> **Task statement**
Omit the pictures found among the records and print everything else exactly as it stands.

■ ■ ■

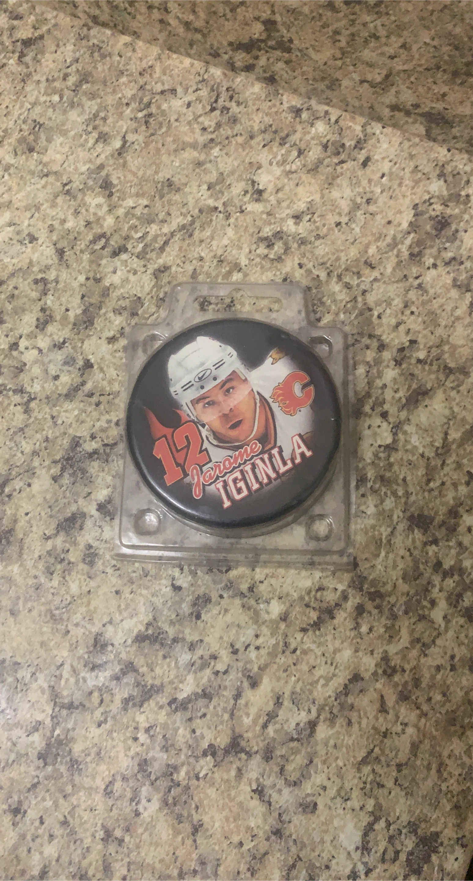 70Selling a Jerome Iginla Calgary Flames hockey puck. It's an officially licensed product and comes in its original packaging
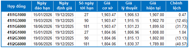 Dựa trên phương pháp định giá hợp lý với thời điểm khởi đầu ngày 19/12/2025, khung giá hợp lý của các hợp đồng tương lai đang được giao dịch trên thị trường được thể hiện như sau:
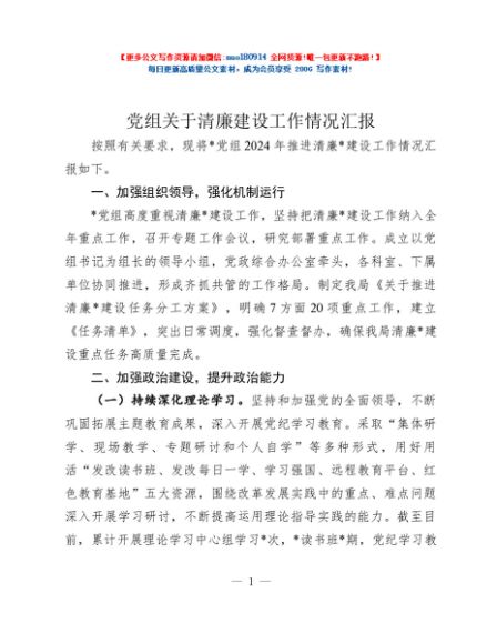 / 党组关于清廉建设工作情况汇报
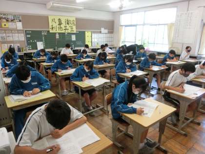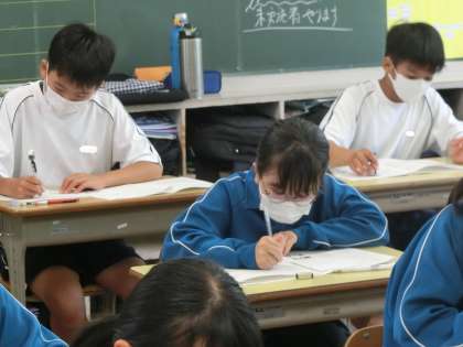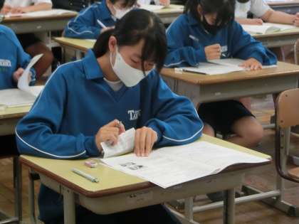 定期テスト・2日目、1年3組の様子です。
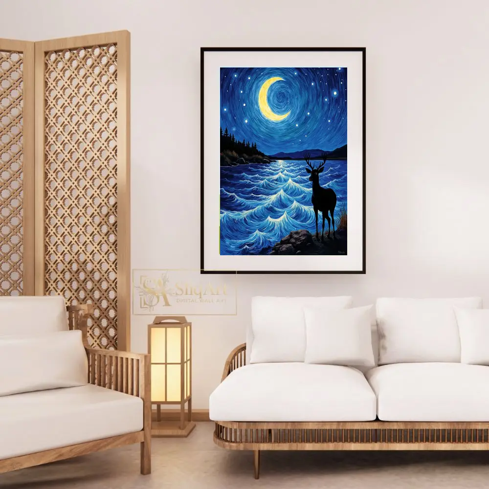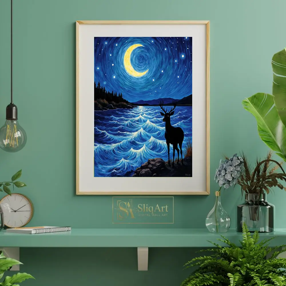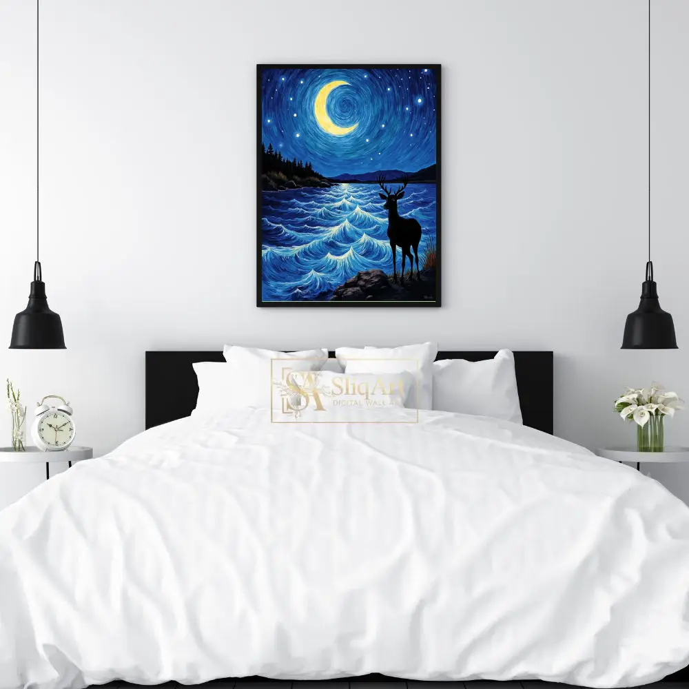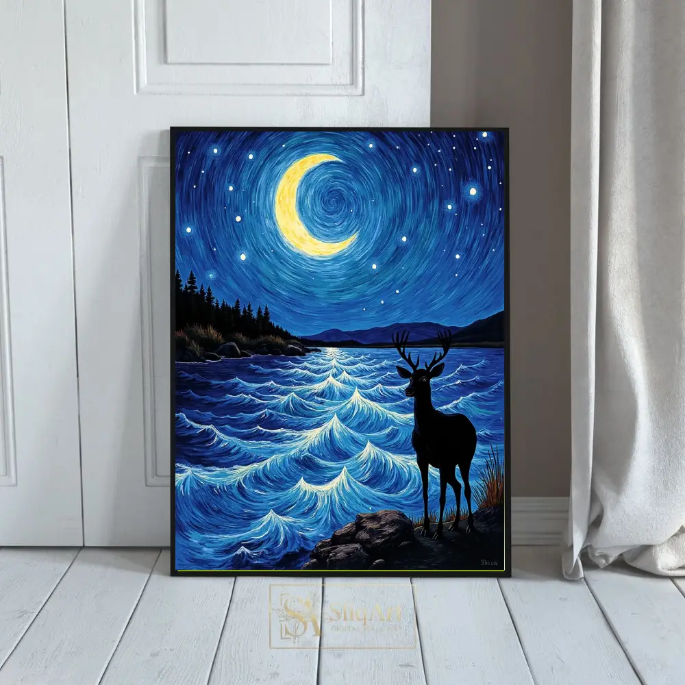 Elevate your interior with this enchanting post-impressionist masterpiece. The artwork features a majestic stag silhouette standing at the water’s edge, framed by a swirling midnight sky that pays homage to Van Gogh’s iconic style.

■ ■ ■

> **Solution to this task**
 70Selling a Jerome Iginla Calgary Flames hockey puck. It's an officially licensed product and comes in its original packaging
 Dựa trên phương pháp định giá hợp lý với thời điểm khởi đầu ngày 19/12/2025, khung giá hợp lý của các hợp đồng tương lai đang được giao dịch trên thị trường được thể hiện như sau:
 / 党组关于清廉建设工作情况汇报
 定期テスト・2日目、1年3組の様子です。
 Elevate your interior with this enchanting post-impressionist masterpiece. The artwork features a majestic stag silhouette standing at the water’s edge, framed by a swirling midnight sky that pays homage to Van Gogh’s iconic style.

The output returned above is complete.